4K views 7 replies 6 participants last post by  Michael Bush 
#1 ·
One of my hives has wintered in two deeps and one medium super. I did an inspection today and found the following: bottom deep virtually empty, top deep mostly full of honey and supplies with a couple frames of brood in the middle, top super loaded with brood in middle 4 or 5 frames, with honey on the outside. So basically the brood is in the top where the honey should be and the honey is in the top deep where I want my brood. What do?

If I do nothing, I fear they won't work their way down, especially since there's so much honey they'd need to move around. Presumably this would encourage them to swarm.

My thought is to wait another couple weeks, then remove some of the deep frames of honey and replace them with drawn comb, presumably making more room for them to move down. I guess I could also try to push the queen down then with smoke, then add an excluder to keep her below the super.

Thanks!
 
#3 ·
I had a few hives last spring that did the same thing, what a pain in the back side it was! One of the problems I had was if there is a top entrance they will store pollen in the supers.I tried queen excluders with no luck, the queen would find her way back through. Even had one hive that started to make queen cells in the supers after I moved her down.I don't like using excluders but I also don't want the queen laying in my supers.Try storing frames with pollen in them, the wax moths will have a feast.
 
#4 · (Edited)
I would not sweat it as stated by JRG13. They should naturally work it out themselves. However, before going into winter I would make sure they have worked it out,,, and have a super of honey above them. I recently lost a two deep ten frame colony to starvation, the cluster was in the top deep with stores they had mostly eaten except about three inches on the opposite side of the frames where the cluster perished. The oddest part was the lower deep literally had nine frames of capped honey. I assume the weather was continuosly cold for several days and they could not move down to it, or the opposite side of the frames for that matter.
 
#7 ·
Michael, I wonder what happen to this group of ladies then (post 4). They started as a local nucleus hive, and I down supered them (do you think that had something to do with it?), but the bottom deep appears never to had brood in it. Based upon the capped honey & color of the comb. I know nothing is absolute, but strange and wish I would have caught it before winter.
 
#6 ·
If I do nothing, I fear they won't work their way down, especially since there's so much honey they'd need to move around. Presumably this would encourage them to swarm.
They may or may not work their way back down. But at the moment they are set up pretty much like a comparable feral hive would be, and the next natural behavior on their calendar will be to swarm, as you have correctly surmised.
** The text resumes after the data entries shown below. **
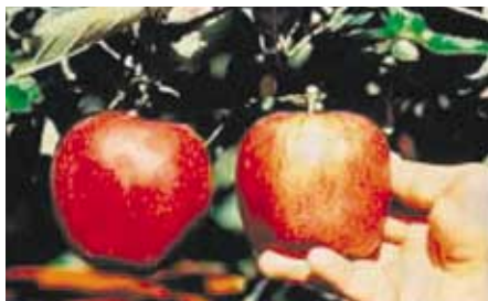
A gauche un fruit d'un verger fertilisé au sulfate de potassium, à droite le témoin

Le sulfate de potassium par son action sur le transport des sucres depuis les feuilles jusqu'aux organes de stockage, influe sur le calibre des fruits. Le résultat de l'expérimentation suivante montre l'effet positif du sulfate de potassium sur le calibre des pommes. Son action est également notable sur la teneur en sucre et sur l'équilibre sucre/acidité, facteurs importants de la saveur des fruits.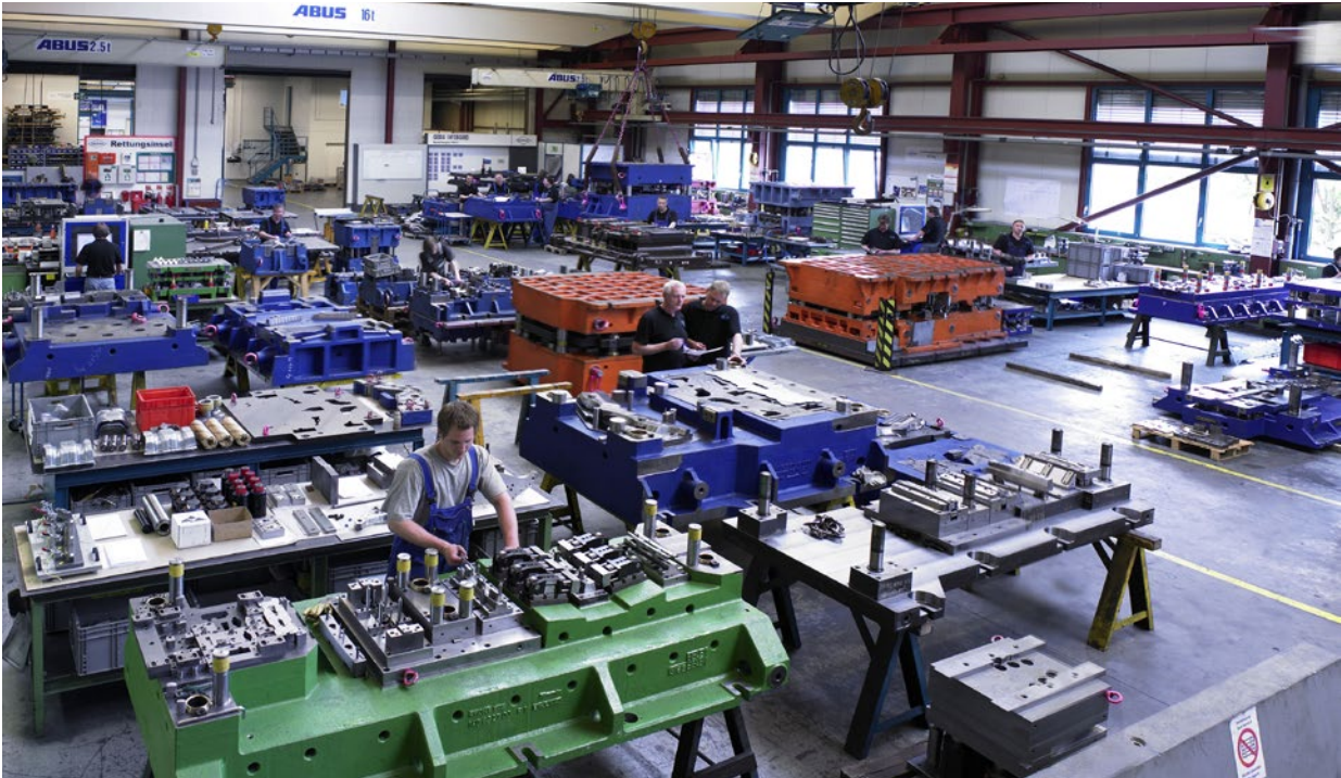
图 3：通过光学测量系统，更易于有效校准工模具，保证使验收模具之前的迭代修改次数更少。

根据全场表面数据创建的测量报告除了清晰易读，另外一项好处是：对比为单个测量点生成的测试报表，这里的报告表现性更佳、可读性更强。这有利于减少讨论时间，可快速有效地实施必要的校正。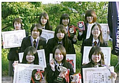
第8回日本学生選抜ライフル射撃選手権大会で 総合優勝した女子選手たち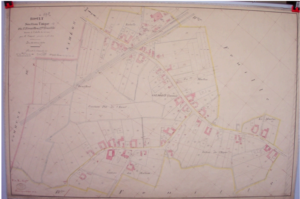
Situation sur le cadastre de 1912 (AD Nord P31/ 624).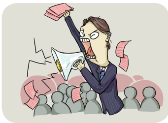
传销是骗取财物的行为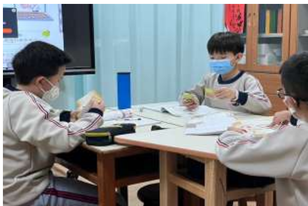
分數撲克牌教學活動

Me, I would put the top box at the bottom of the hive, leave the middle box in the middle, and the empty bottom box, on the top. They then have plenty of room overhead and feel there is work to do before they can swarm.

Course, this alone is not garuanteed to prevent swarming, but it's a giant step in the right direction.

If you are concerned about black combs in the honey supers, you may want to rearrange things comb by comb to try to get the white combs upstairs. But the basic configuration you should aim at is brood and as much stores as will fit bottom box, whatever else second box, and empty top box.